- [WHAT YOU ARE ASKED TO DO]: From the line with "<매일신보> 1945년 6월" to the final line of the data below, please write out every line exactly, with no pictures.

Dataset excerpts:
....
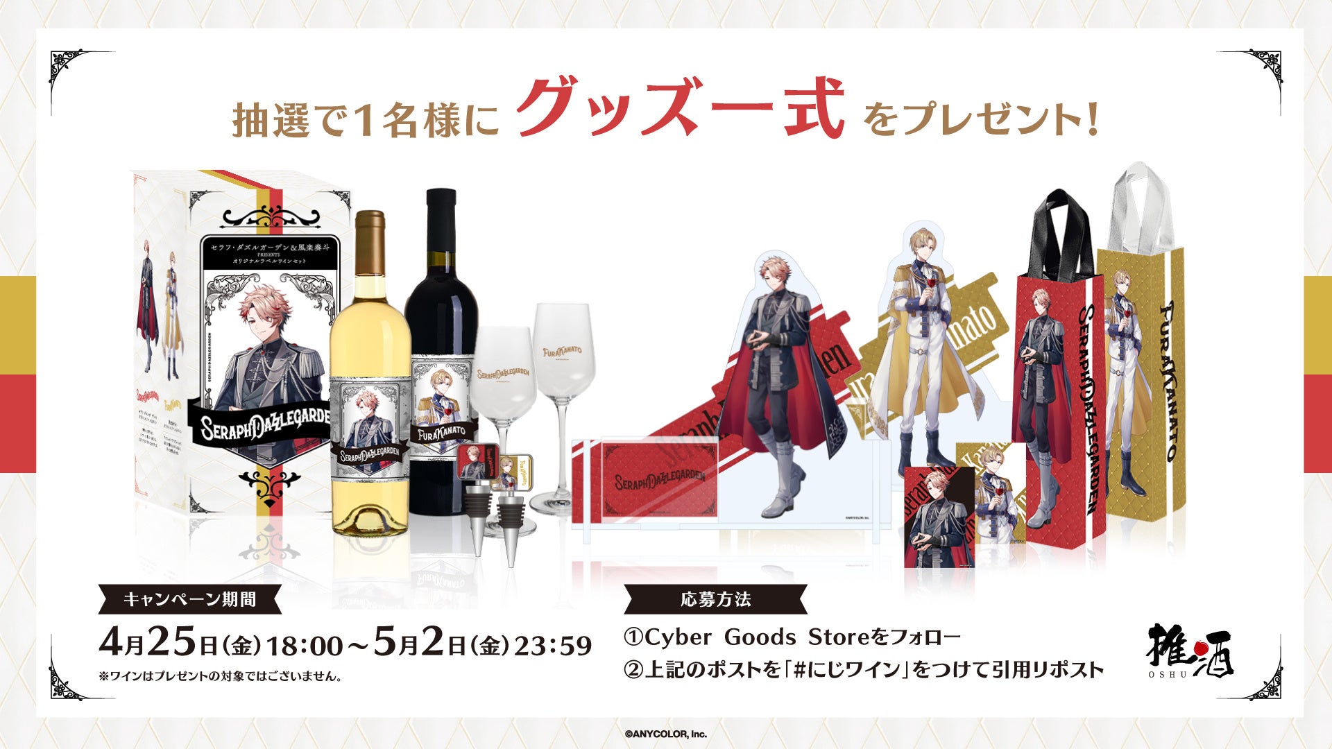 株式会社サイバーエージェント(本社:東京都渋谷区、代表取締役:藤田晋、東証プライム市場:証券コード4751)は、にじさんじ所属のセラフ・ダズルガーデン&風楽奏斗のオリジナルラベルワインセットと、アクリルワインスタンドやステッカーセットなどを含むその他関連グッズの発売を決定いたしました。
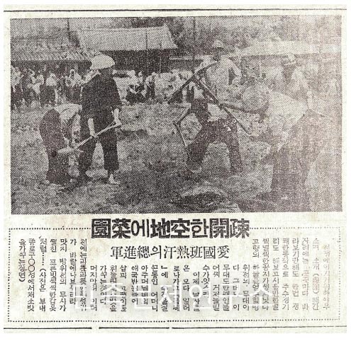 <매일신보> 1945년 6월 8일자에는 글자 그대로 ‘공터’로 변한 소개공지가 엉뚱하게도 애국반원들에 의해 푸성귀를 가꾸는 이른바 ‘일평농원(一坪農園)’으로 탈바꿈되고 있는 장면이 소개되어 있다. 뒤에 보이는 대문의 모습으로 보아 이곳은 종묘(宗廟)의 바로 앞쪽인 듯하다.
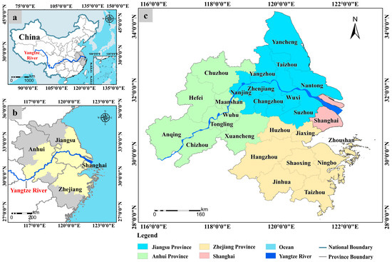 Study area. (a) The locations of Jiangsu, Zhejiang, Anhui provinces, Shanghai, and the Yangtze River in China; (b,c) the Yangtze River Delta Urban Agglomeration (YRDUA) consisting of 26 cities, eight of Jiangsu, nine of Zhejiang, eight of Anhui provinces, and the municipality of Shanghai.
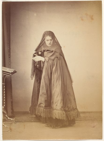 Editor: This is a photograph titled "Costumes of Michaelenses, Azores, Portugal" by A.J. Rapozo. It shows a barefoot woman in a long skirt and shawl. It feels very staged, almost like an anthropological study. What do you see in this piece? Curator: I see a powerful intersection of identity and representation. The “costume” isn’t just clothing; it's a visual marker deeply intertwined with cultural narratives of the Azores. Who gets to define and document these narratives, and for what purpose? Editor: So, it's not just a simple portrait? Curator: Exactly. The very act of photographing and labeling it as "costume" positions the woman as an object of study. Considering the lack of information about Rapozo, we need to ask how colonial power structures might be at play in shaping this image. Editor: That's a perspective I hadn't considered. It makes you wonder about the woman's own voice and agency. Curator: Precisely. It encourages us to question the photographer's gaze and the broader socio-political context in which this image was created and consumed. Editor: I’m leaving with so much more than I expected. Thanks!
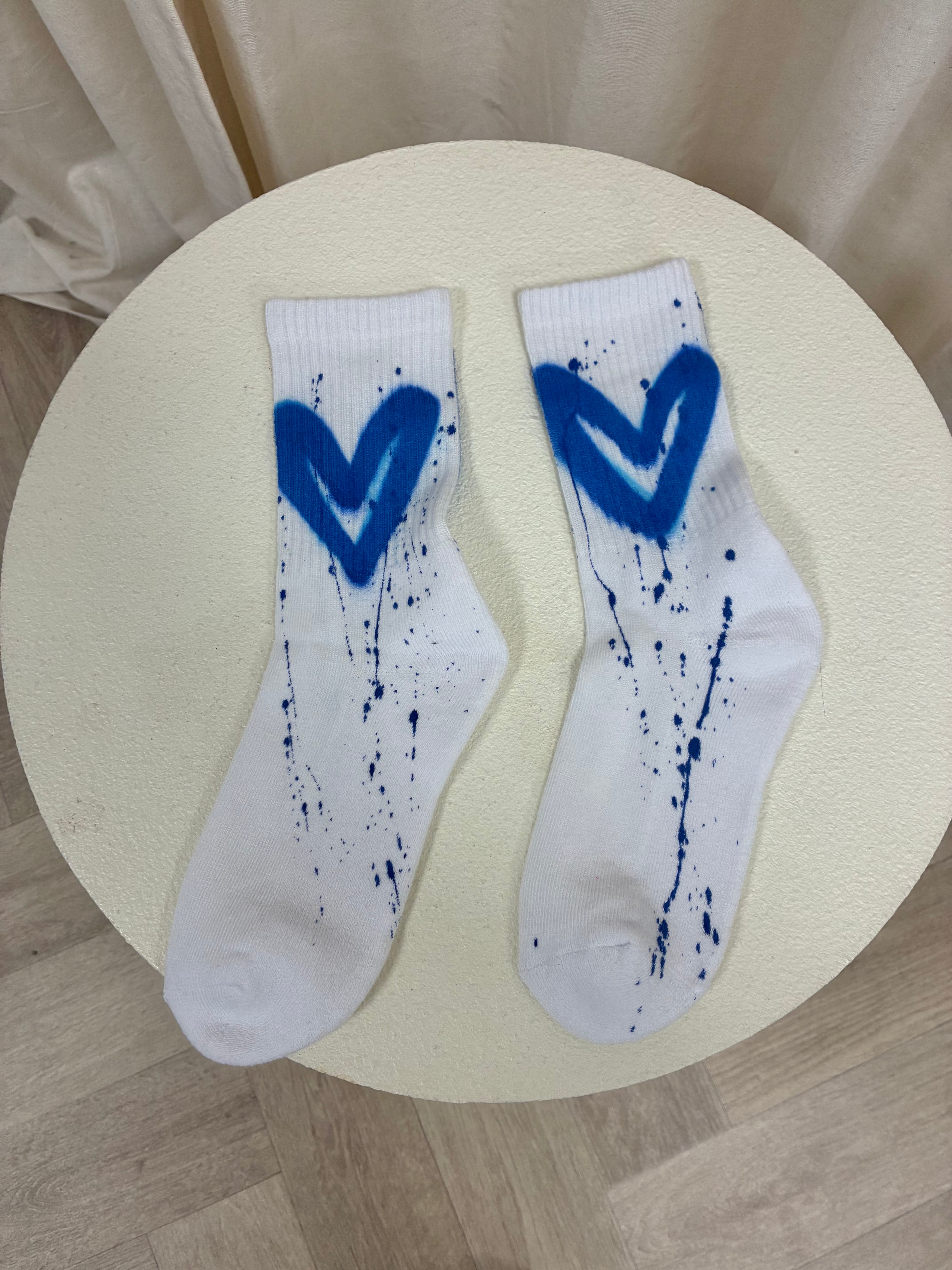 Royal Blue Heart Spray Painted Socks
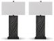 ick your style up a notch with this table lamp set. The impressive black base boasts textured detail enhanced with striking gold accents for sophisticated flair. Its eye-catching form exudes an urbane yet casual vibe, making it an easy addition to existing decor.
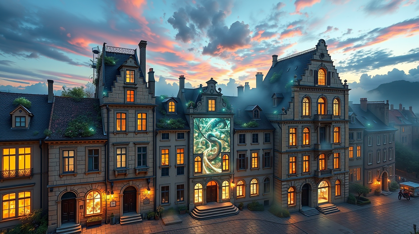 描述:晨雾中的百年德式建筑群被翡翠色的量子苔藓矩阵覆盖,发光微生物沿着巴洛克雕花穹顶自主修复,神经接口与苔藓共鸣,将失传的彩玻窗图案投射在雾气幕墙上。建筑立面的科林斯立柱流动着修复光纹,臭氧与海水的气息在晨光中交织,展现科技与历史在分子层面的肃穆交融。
....
- [RESPONSE AREA]:
 <매일신보> 1945년 6월 8일자에는 글자 그대로 ‘공터’로 변한 소개공지가 엉뚱하게도 애국반원들에 의해 푸성귀를 가꾸는 이른바 ‘일평농원(一坪農園)’으로 탈바꿈되고 있는 장면이 소개되어 있다. 뒤에 보이는 대문의 모습으로 보아 이곳은 종묘(宗廟)의 바로 앞쪽인 듯하다.
 Study area. (a) The locations of Jiangsu, Zhejiang, Anhui provinces, Shanghai, and the Yangtze River in China; (b,c) the Yangtze River Delta Urban Agglomeration (YRDUA) consisting of 26 cities, eight of Jiangsu, nine of Zhejiang, eight of Anhui provinces, and the municipality of Shanghai.
 Editor: This is a photograph titled "Costumes of Michaelenses, Azores, Portugal" by A.J. Rapozo. It shows a barefoot woman in a long skirt and shawl. It feels very staged, almost like an anthropological study. What do you see in this piece? Curator: I see a powerful intersection of identity and representation. The “costume” isn’t just clothing; it's a visual marker deeply intertwined with cultural narratives of the Azores. Who gets to define and document these narratives, and for what purpose? Editor: So, it's not just a simple portrait? Curator: Exactly. The very act of photographing and labeling it as "costume" positions the woman as an object of study. Considering the lack of information about Rapozo, we need to ask how colonial power structures might be at play in shaping this image. Editor: That's a perspective I hadn't considered. It makes you wonder about the woman's own voice and agency. Curator: Precisely. It encourages us to question the photographer's gaze and the broader socio-political context in which this image was created and consumed. Editor: I’m leaving with so much more than I expected. Thanks!
 Royal Blue Heart Spray Painted Socks
 ick your style up a notch with this table lamp set. The impressive black base boasts textured detail enhanced with striking gold accents for sophisticated flair. Its eye-catching form exudes an urbane yet casual vibe, making it an easy addition to existing decor.
 描述:晨雾中的百年德式建筑群被翡翠色的量子苔藓矩阵覆盖,发光微生物沿着巴洛克雕花穹顶自主修复,神经接口与苔藓共鸣,将失传的彩玻窗图案投射在雾气幕墙上。建筑立面的科林斯立柱流动着修复光纹,臭氧与海水的气息在晨光中交织,展现科技与历史在分子层面的肃穆交融。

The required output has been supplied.